IT’S a good thing this book is small. You know, one of those books that looks like an excuse for a book, a couple of inches high, a few pages long, with large type or drawings — on one of those soft, soft subjects, like how many ways to love your Mom or how to appreciate the sights and sounds around you.

In the present case, the opposite is true. The book is small because if it were bigger it would be too difficult to bear. Its subject is anything but soft. Its writing sears, so that after a few pages you need to put it down. You need to take a breather.

Again, these are not big pages. In my profession we deal with “type size” and with “leading.” Type size is the height of the type. Leading is the distance between the lines. In My Shoshana, the type is large and the distance between the lines is great. If it were otherwise, you could not continue.

Silly me. I had heard for years that Rabbi Rafael Grossman wanted to write about his daughter, his daughter who died at age 17, and about his feelings, his grief, and how he got through it, if he did; and I imagined that he would write a regular book, full of memories and portraits, a regular biography. I imagined sensitive, sophisticated lessons about mourning and psychology and G-d and theology and, given who he is, I also imagined a book about how he helped other people through their crises. I imagined a book full of case studies and painful, very painful, but inspiring endings.

Silly me. I should have known better. After all, I’ve heard Rabbi Grossman speak.

Actually, I brought him to Denver once to speak on just this subject, the death of a child, because a set of parents were deeply grieving and I thought he might help. I knew that Rabbi Grossman cut to the chase, that he avoided nothing, and that he had helped many parents.

I also knew he came for the cost of the ticket, since, to him, compassion trumped all.

So I should have known to expect a different book. Anyway, here I am, reading his book; and after 36 small pages I just have to put it down. I cannot continue. The feelings are too real, too hot, too honest, to continue; not in one sitting, anyway.

Shoshana Grossman died 40 years ago.

RABBI Grossman writes:

“So when I got a call from the father of a four-year-old boy who died in an automobile accident, and the mother of a nineteen-year-old girl who died of leukemia, I never said, ‘I know how you feel because I feel the same way.’No two people can feel the same way. Each of us feels pain, anger, even guilt differently.

“And, yes, I feel guilt for what happened to you. Parents who bring children into this world are supposed to protect them. They feel terrible guilt when a child dies. I couldn’t prevent your falling ill, but I feel guilty nevertheless.

“Do you remember a discussion we once had when you told me I was obsessed with death because all my academic and scholarly interests were related to it?

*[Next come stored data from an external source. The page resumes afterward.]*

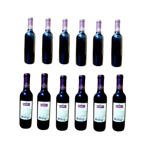 Kit com 12 Mini Vinhos Bordô Tinto de Mesa Suave Halberth 375ml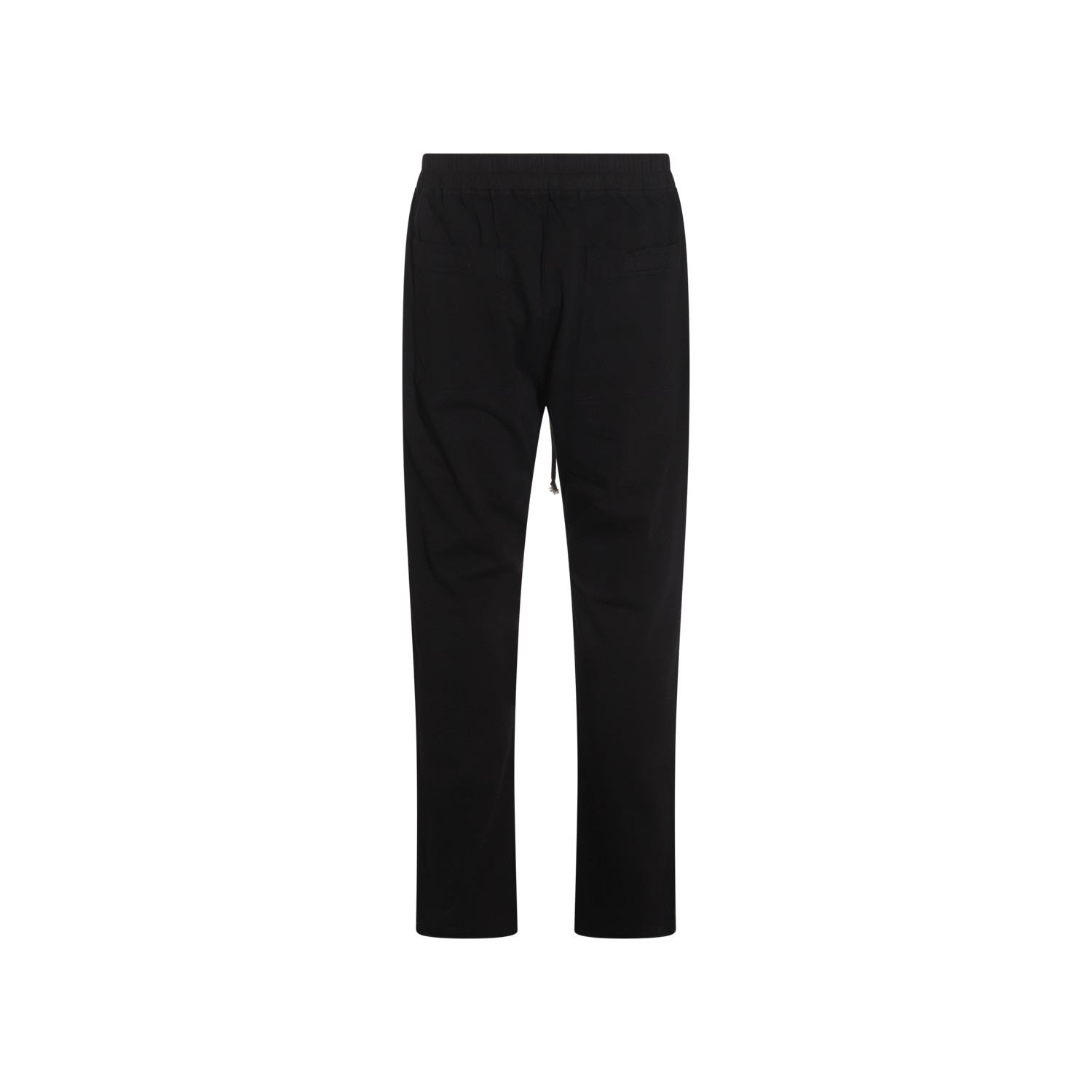 Black cotton Berlin Drawstring pants from Rick Owens DRKSHDW featuring drawstring detail, elasticated waist band, side pockets, regular fit and straight line.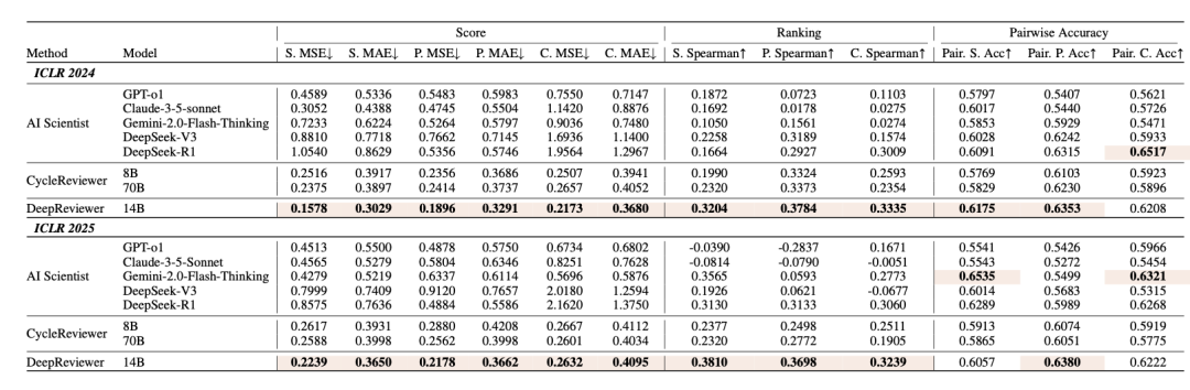 基于数据集DeepReview-13K,研究人员训练了DeepReviewer-14B模型,其在使用更少tokens的情况下,性能优于CycleReviewer-70B。

With all the studying, all the thinking, I wasn’t prepared for your death. The only way I got through it was with the help of a colleague, a rabbi who visited us frequently and was willing to listen to me and our family.

“‘Change your scenery and you’ll find hope,’ he said.

“The Talmud teaches that a change of place brings a change of fortune, so I followed my colleague’s advice. That was when we moved to Tennessee.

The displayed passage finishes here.